The case for a better US

Just one year ago we were engaged in conversations over what the future “new normal” would look like. It seems long ago. We have entered a new chapter in history, a new future, a new normal. And it looks bleak. Our time will be remembered in the history books as the time of a perfect storm: war, sanctions, lockdowns, rising inflation, recession, and the list can go on. We are called to respond to unprecedented challenges and we need to be at our best as individuals, communities and species.

Business, too, is called to express its best version. Not only organizations have to respond to changes in the very fundamentals of the markets, but they need to give answers to requests that grow louder by the day. Amid the decline of political ideologies and religions, the public is looking at companies and brands in search of meaning, and possibly of a way out of the mess we are caught in.

Some past stories give us hope that business can help. It is comforting to look at the transformation that Unilever experienced under the leadership of Paul Polman. Patagonia makes for almost a cliché in any conversation about business for good, with its founder Yvon Chouinard in the role of a semi-god of sustainability. And there are stories of smaller businesses that are less known but equally inspiring. A few years ago, the young CEO of Gravity Payments, Dan Price, became instantly famous for his decision to pay his employees a minimum wage of $70.000. Many thought that Price was on the highway that leads to failure, others predicted his soon to come bankruptcy and most thought that business is to be run in different, more serious ways.

More than a decade passed and Gravity Payments did not go bankrupt: it thrives instead.

The red line that unifies these stories, is the inspiration of a leader that ignites the power of a crowd. Paul Polman found a fertile ground in a corporation that is immense in dimensions. His leutenants could have gone a different way, but decided to gather around his compelling vision. On a similar note, Yvon Chouinard is a visionary genius, but his quest to save the planet could not generate such a successful business if the men and women in his team did not back him up with grounded practicality.

More business leaders are raising their voices, offering visions and solutions to problems and crises. Bill Gates, Tim Cook, Elon Musk, Peter Thiel: the list is long. These leaders are stepping up as new Mosseses that show us the way out of Egypt. They come with a worldview and ask us to join them on a journey to a promised land that we cannot yet make out. We look at them in awe and admiration, but a voice within tells us that something is not perfect. What is it?

Take Musk’s buy out of Twitter, for instance. It was done with a specific moral claim based on his understanding of freedom of speech. We can agree or disagree with Musk, but a more general question comes to mind: should one person be the guardian of freedom of speech? Is that safe?

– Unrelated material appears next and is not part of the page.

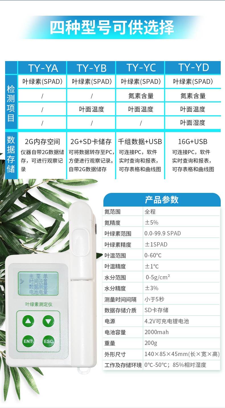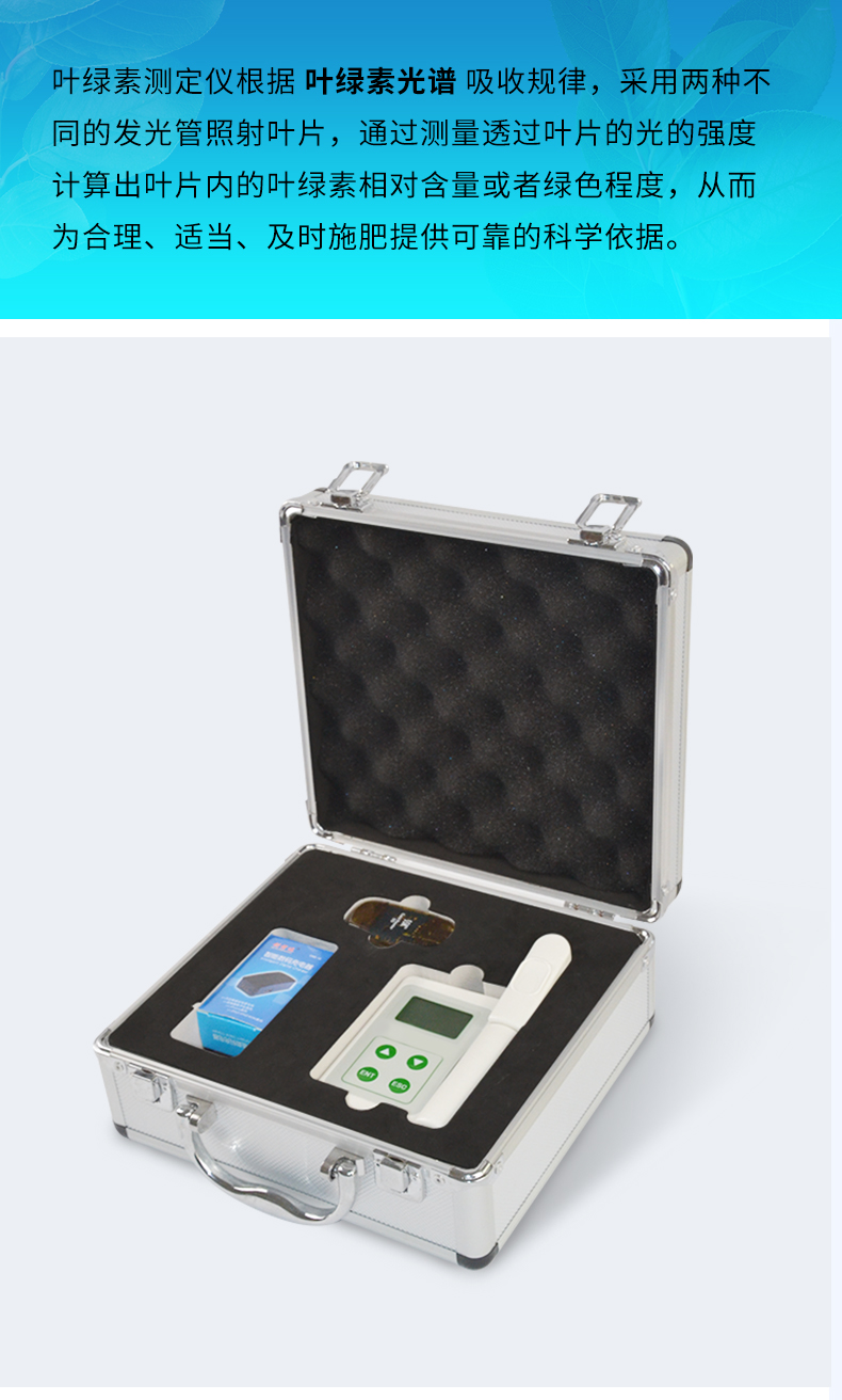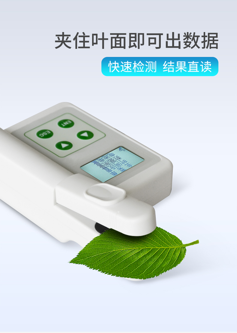 氮素含量一般情況下直接反應(yīng)作物的健康情況,生長(zhǎng)狀態(tài)、了解植物真實(shí)的硝基需求量和土壤硝基的缺乏程度或是否過(guò)多地施加了氮肥,廣泛應(yīng)用于氮肥管理,除草劑應(yīng)用,葉片衰老,環(huán)境脅迫等研究,葉綠素測(cè)量?jī)x在農(nóng)業(yè)種植過(guò)程中有很大的意義。 葉 綠素含量的測(cè)定結(jié)果是SPAD值,是葉片在兩種波長(zhǎng)650nm 和940nm,葉片傳輸光的數(shù)量進(jìn)行比值計(jì)算,來(lái)確定葉片當(dāng)前葉綠素的相對(duì)數(shù)量(兩種波長(zhǎng)范圍內(nèi)的透光系數(shù)來(lái)確定葉片當(dāng)前葉綠素的相對(duì)數(shù)量 ),SPAD值與葉綠素之間成正比關(guān)系,因此SPAD值往往間接地可代表葉綠素值,從而可以評(píng)估植物健康狀況、生長(zhǎng)狀態(tài),因而在農(nóng)業(yè)中,時(shí)常使用葉綠素計(jì) 來(lái)進(jìn)行對(duì)植物葉綠素含量進(jìn)行檢測(cè),以此來(lái)進(jìn)行指導(dǎo)氮肥的施用量,因而在農(nóng)業(yè)種植過(guò)程中使用葉綠素計(jì)來(lái)進(jìn)行指導(dǎo)氮元素含量的施肥,同時(shí)在很多植物中,以此來(lái) 進(jìn)行判斷植物的抗逆性。 葉溫常用來(lái)表示植物的體溫狀況,植物葉片中所有的化學(xué)反應(yīng),都受葉片溫度的影響,在植物生理活動(dòng)的分析中經(jīng)常用到。葉溫與 氣溫的差值,可以表明植物的缺水情況或受旱程度。因?yàn)楫?dāng)水分供應(yīng)充足時(shí),植物蒸騰正常,蒸騰耗熱可以降低植物體溫,這時(shí)葉溫比氣溫低;反之受旱時(shí),植物體 溫上升,可高于當(dāng)時(shí)的氣溫。

One could confidently propose that it is wiser to cling to the wisdom of the crowds on these types of matters, because it would reflect a general moral compass that emerges as the result of different views and sentiments. A very agreeable position and one that I subscribe. But the times that we are living in, propose challenges that cast doubts also on the infallibility of the wisdom of the crowds and the morality that emerges from it.

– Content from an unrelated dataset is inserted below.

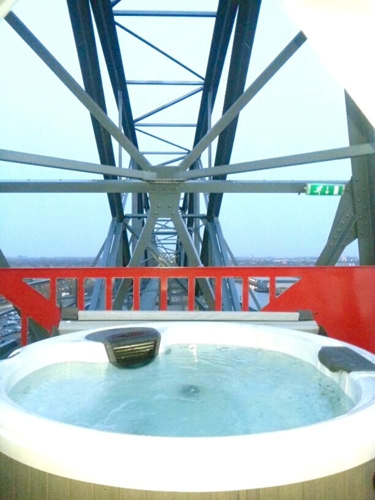 Camere eco su una gru Per chi non soffre di vertigini dormire a 50 metri di altezza su una gru è una vera esperienza per concludere al top la serata. Tra il centro e il porto di Amstedam, più precisamente al molo NDSM che tra il 1894 e il 1979 è stato utilizzato per le grandi operazioni portuali e commerciali della città, si trova la storica ‘gru 13’ restaurata e trasformata in un hotel di lusso per pochi privilegiati. Il Faralda NDMS Crane Hotel, ideato dallo studio d’architettura Edwin Kornmann Rudi, conta solo tre suite tra i 35 e i 45 mq realizzate con materiali riciclati e riciclabili. Una camera è stata ricavata dalla vecchia sala macchine, mentre le altre due sono state realizzate appositamente in vetro. E per chi desidera rilassarsi, tra i comfort dell’hotel c’è anche una vasca idromassaggio esterna con vista sulla città.

Recently, Hans-Georg Moeller, a German professor of philosophy and religious studies at the University of Macau and a philosopher himself, argued that morality is a polarising category and it is getting actually in the way of finding a much needed solution to the war in Ukraine. Professor Moeller offers views that reflect an attractive blend of German rationalism and Chinese Taoist influences and advocates for a less partisan approach to identity. I find that he is proposing something new in the way we think of ourselves in a world where competition has invaded every aspect of our life: whether we think of nations, business or personal social media profiles, we think in terms of outperforming others. This is a fundamentally confrontational approach that focuses on relative performance rather than the outright creation of value. We should pause and interrogate ourselves: are we on the right track?

Our times are interrogating us about the meaning of being part of a community. There are no easy answers but a conversation on the substance of “US” is very much needed. The war in Ukraine is offering an idea of “US” as the opposite of “THEM” and it would be naïve to expect anything else in the face of the horrifying images that we see every day. Nevertheless, we see that confrontation and zero sum approach is pervasively present in too many parts of our society that are not stressed by the extreme conditions of a war. In business and especially in branding, which is a discipline that has much to do with identity, we see how the view of “US” as different and possibly opposed to “THEM” is the norm.

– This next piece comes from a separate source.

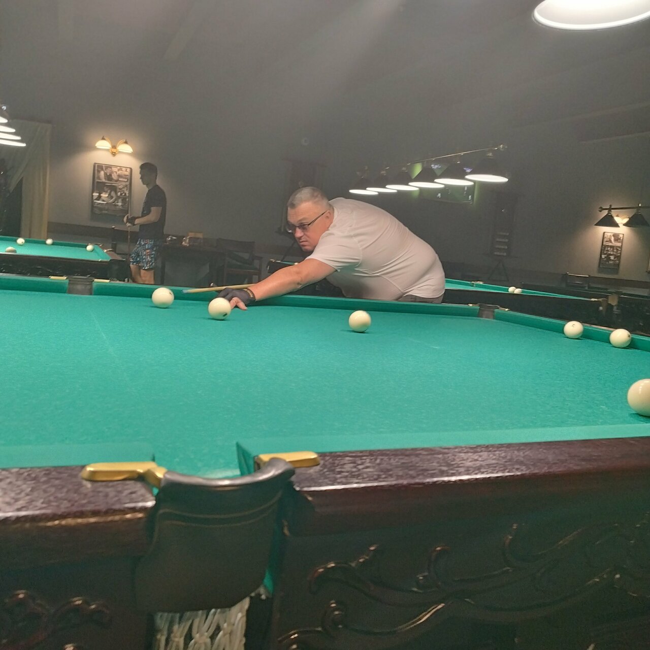 Столы среднего качества, протертые , шары коцаныне сильно. Мало света в помещение. Бар и еда нормальная. Из минусов платная парковка краснодара. А так пойдёт.

I make here the case for pausing and reflecting on a different approach to “US”: one that does not build trenches against “THEM”, but concentrates on creating value and possibly helping people to live an (even marginally) happier life. “US AND THEM” should no longer be meaning us versus them, but should rather suggest that the differences in visions, world views, values and moral constructs make for diversity and enrich our lives.

There is a job for business here. We are all called to offer our contribution, because brands and star-CEOs have pitched for moral leadership.

We should start a conversation on a new meaning of “US”, one that is evolutionary and not confrontational, one that includes and integrates rather than opposes and negates. We should be envisioning a sense of “US” that helps advancing on the journey to become a better society: we should ultimately be working on ideas that help finding the way that leads to a “BETTER US”.